Targeting Mitochondria in ALS Treatments
Despite varying success, researchers believe mitochondria remain a good drug target.
Bullseye? Scientists hope that targeting mitochondria will lead to new ALS treatments.
On November 20, a group of researchers led by Merit Cudkowicz, a Harvard University neurologist and co-chair of the Northeast ALS Consortium (NEALS), announced promising results in a small Phase II trial of the drug dexpramipexole. Scientists believe that the drug helps to delay clinical deterioration in ALS by preventing damage to the mitochondria in motor neurons. Damaged mitochondria mean that motor neurons don’t have the energy to function properly, which may cause their decline over time.
"In the mouse model of ALS, one of the first signs of disease is swelling of the mitochondria and damage to them, even before the mice get sick," Cudkowicz said. "Researchers think, at least in the mouse model, that mutant SOD1 is actually clumping at the mitochondria, directly causing their damage." Human ALS studies (even in patients without SOD1 mutations) also indicate mitochondrial damage, Cudkowicz noted, which led researchers to believe that preventing this damage may help slow the progress of ALS.
On the heels of these results came an announcement about an ALS drug trial of olexisome by the French pharmaceutical company Trophos that also targeted mitochondria. Unlike dexpramipexole, however, olexisome did not appear to be effective in slowing the advance of ALS. Although olexisome did not have the same initial success as dexpramipexole, researchers remain optimistic that targeting mitochondria will help improve the lives of those with ALS.
When good mitochondria go bad.
Although no one knows for sure exactly what causes motor neurons to stop functioning correctly in ALS, damage to the energy-producing mitochondria in the cell appears to be one major pathway involved in this disease. A portion of SOD1 is located in the membrane surrounding the mitochondria, and mutant SOD1 proteins, identified in ALS patients, are known to clump together with mitochondria proteins to finally impair normal mitochondrial function.

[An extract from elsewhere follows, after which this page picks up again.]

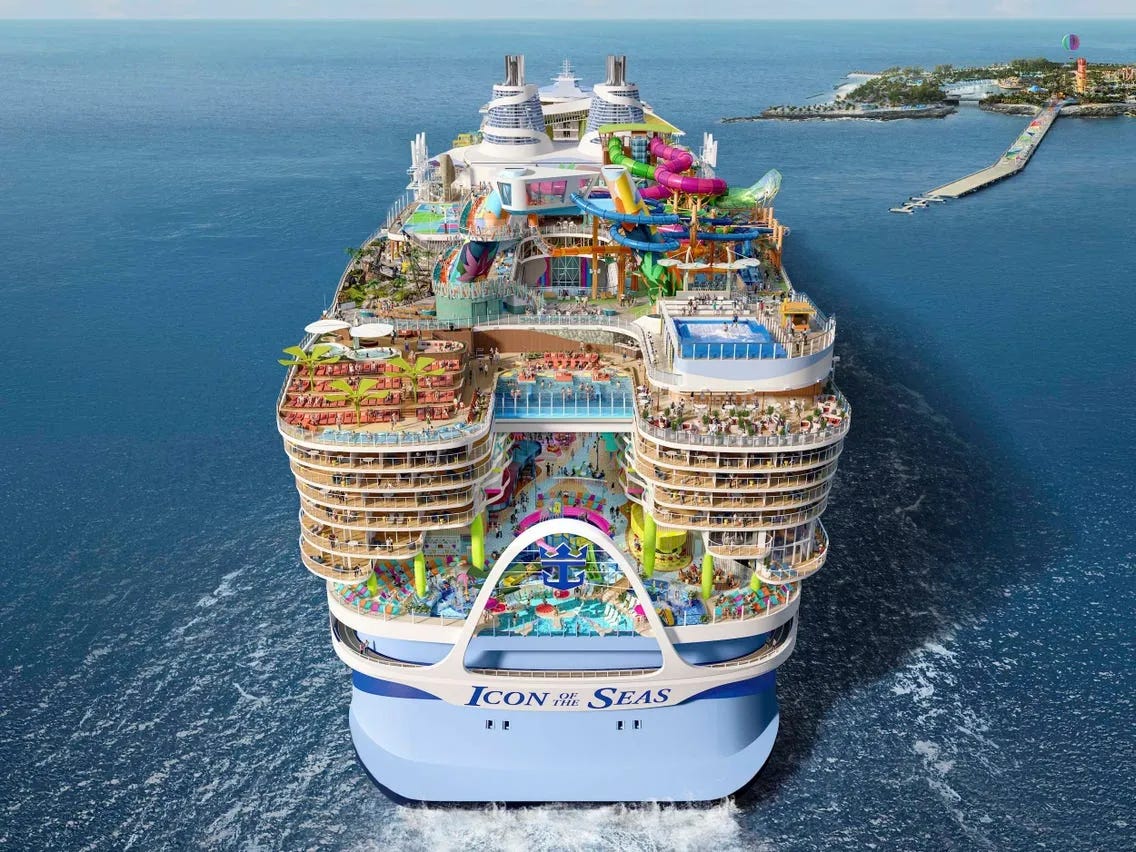 If you boiled the spirit of the modern hospitality business down to its purest concentrate, you surely get something like the Icon of the Seas, the enormous new cruise ship whose digital renderings have recently gone viral online. Imagine Hieronymus Bosch painting Disneyland, and you get some sense of the diabolical energy of this project. I can think of no other artefact that employs design, engineering and industrial capacity on this scale for the sole purpose of escapism and pleasure.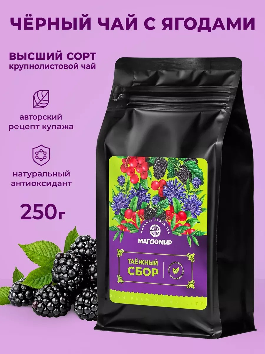 The richness of vitamins and minerals in loose-leaf tea with natural wild berries and herbs will strengthen your immune system, give you a boost of energy, and lift your spirits! Taiga Tea is a unique blend of large-leaf black Ceylon tea with the addition of aromatic leaves and berries of lingonberry, blackberry, red currant, cornflower, and calendula. Packaged in a stylish bag, this Siberian health tea will delight you with its aroma. To access the zipper, tear off the protective strip on the front of the bag without opening it with scissors. This natural premium tea with berry and fruit flavors is a true gift for lovers of fine tea. It can be brewed at home or in a sauna, taken with you on a walk or ice fishing. This elite black herbal tea with pieces of fruit and berries is an assortment of beneficial ingredients. It's sure to please all connoisseurs of quality tea and makes an unforgettable, delicious gift. Products, food, and gourmet food are also available. This is a wonderful gift for any occasion: February 14th, February 23rd, March 8th. Tea is a gift for a man, a gift for a woman, and for any occasion for your family and friends. It's a great gift idea for a girlfriend or loved one, as well as for grandparents, sisters, or dads. Even for a colleague or boss on a significant occasion. Or a gift for yourself or your boyfriend for no reason at all. In hot summer weather, it's pleasant to drink as iced tea. Try and enjoy our signature tea "Taiga Collection"!

Recent imaging studies in mouse models of ALS, in which the mice were engineered to have an SOD1 mutation, have identified physical changes to the mitochondria in motor neurons. A team of researchers that included Packard scientists and collaborators from P2ALS (a collaboration between the Packard Center and Project ALS) found that the mitochondria did not move along the axon freely in the ALS mice, and that the mitochondria became smaller and more spherical. Seeing as these changes happened before the mice began to show clinical signs of illness, the researchers believe that these changes lead to ALS symptoms rather than being caused by them.
The links between ALS and mitochondrial dysfunction seem pretty clear. Scientists working to develop new therapies for the disease believe that preventing mitochondrial damage may help slow the progression of disease. Packard scientists and other researchers around the world have been looking for compounds that might target mitochondria. Two of these compounds, olexisome and dexpramipexole, were recently evaluated in Phase II clinical trials.
About the drugs.
When researchers first tested olexisome in the lab, they found that it helped protect motor neurons grown in culture. Next, researchers tested the compound in mice, and also found that it appeared to protect motor neurons and slow the progression of ALS. With these promising lab results in hand, Trophos began human trials of olexisome. In an 18-month randomized control trial, researchers randomized 512 ALS patients from across Europe to receive a single daily 330 mg oral dose of olexisome or placebo. The patients had been diagnosed with ALS between 6 and 36 months before the start of the study.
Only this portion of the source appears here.